Consider the case of the well-known offshore financial centers of Bermuda, the British Virgin Islands, and the Cayman Islands, all of which are territories of the United Kingdom. These island jurisdictions are not legally sovereign but enjoy a form of practical sovereignty—comprising immense internal autonomy and high-standards of living—that parallel, if not exceed, the experiences of some of their Caribbean neighbors who gained sovereignty decades ago. For these and other small post-colonial jurisdictions, the options for economic development are not plentiful—often limited to tourism or materials, such as sugar or bauxite. As I have explained elsewhere, the provision of offshore financial services may be an optimal economic development strategy, given the limited industrial capacity of these jurisdictions and the need to diversify from being solely producers of raw materials for wealthy prior colonial controllers. Indeed, the capacities of these jurisdictions were intentionally limited by their colonizers who required them to specialize in sectors that benefited the colonizing country, rather than the colony. This dynamic has changed in the post-colonial era.  

Bermuda, the British Virgin Islands, and the Cayman Islands are known for their attractive offshore financial laws and specialized commercial courts, as well as the ease with which entities can incorporate. As Christopher Bruner and William Moon have each written about, the sophistication of these jurisdictions in crafting corporate and financial law has incentivized international investment. And the income generated from offshore corporate and financial law activities have made them some of the wealthiest jurisdictions in the Northern Atlantic and Caribbean regions—far above their small island neighbors. 

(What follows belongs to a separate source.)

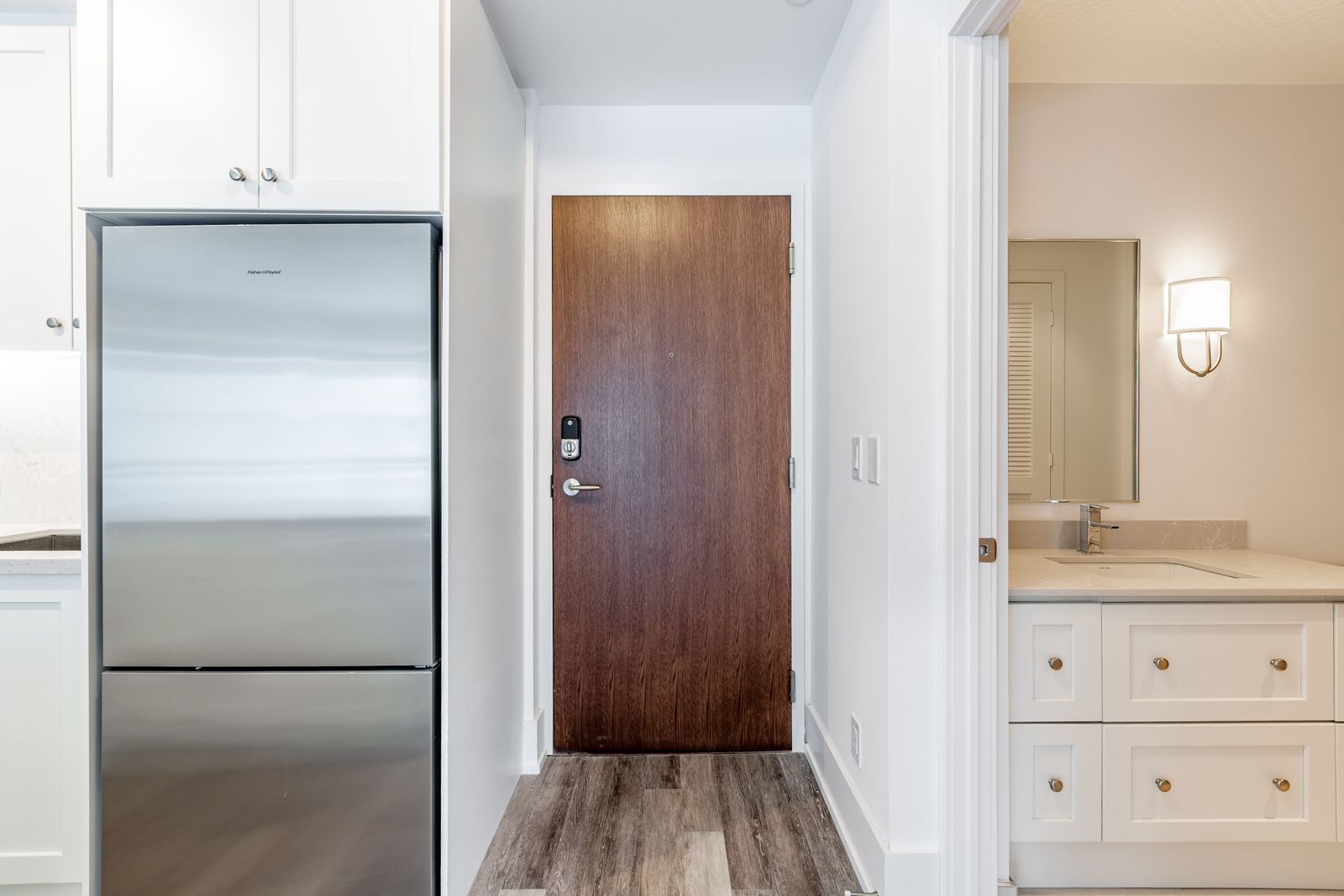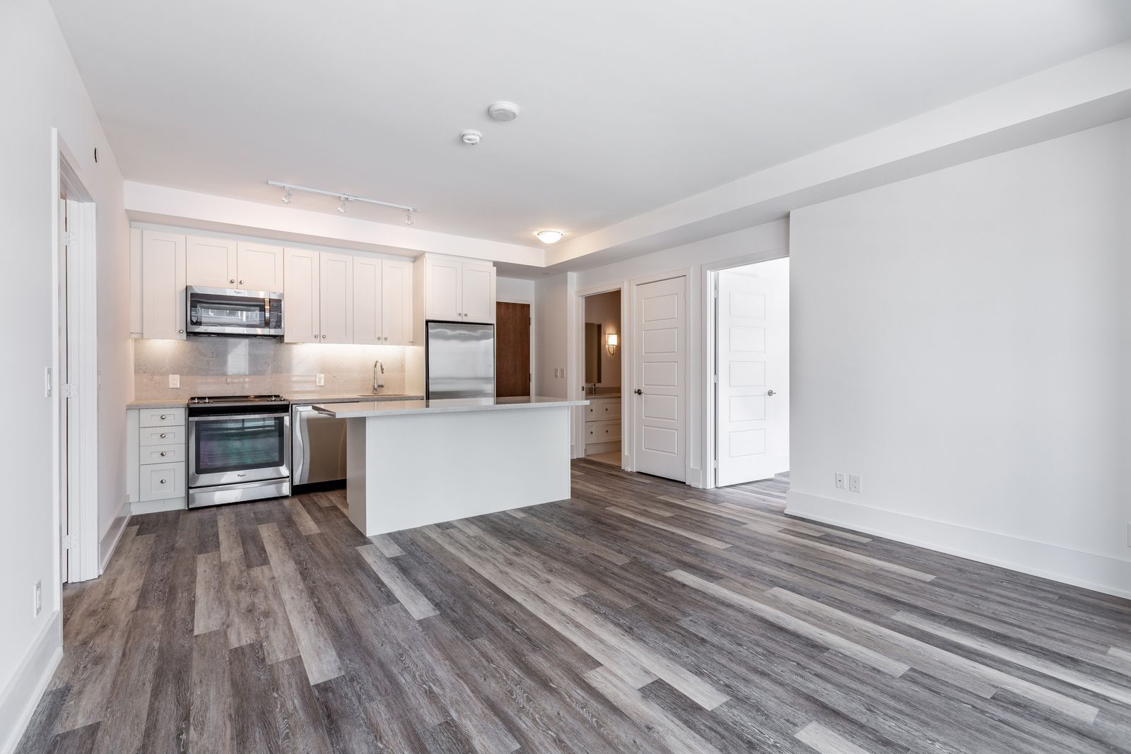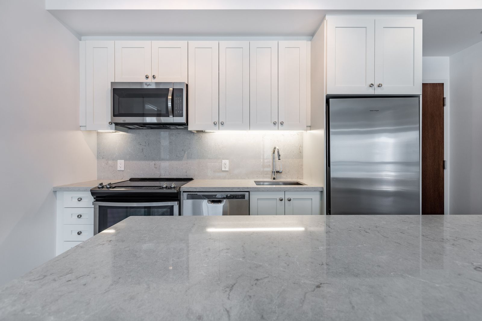 • Stylish kitchen with white cabinetry and stainless steel appliances.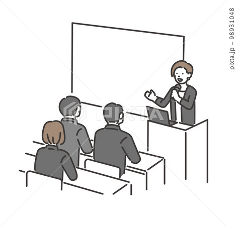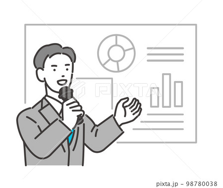 マイクを持ってプレゼンテーションをする男性のセミナー講師のベクターイラスト素材/ビジネス/講習/プレ

In the decades following the 1960s in the Caribbean, many of the newly sovereign countries, including Guyana, Jamaica, and Trinidad and Tobago, did not experience similar economic growth, and thus were unable to provide similarly high standards of living for their populations. These decades were also politically turbulent: Jamaica experienced political violence and struggled with sovereign debt (in the 1970s and 1980s), Trinidad and Tobago witnessed an attempted coup (1970), and Guyana suffered an actual coup (1979).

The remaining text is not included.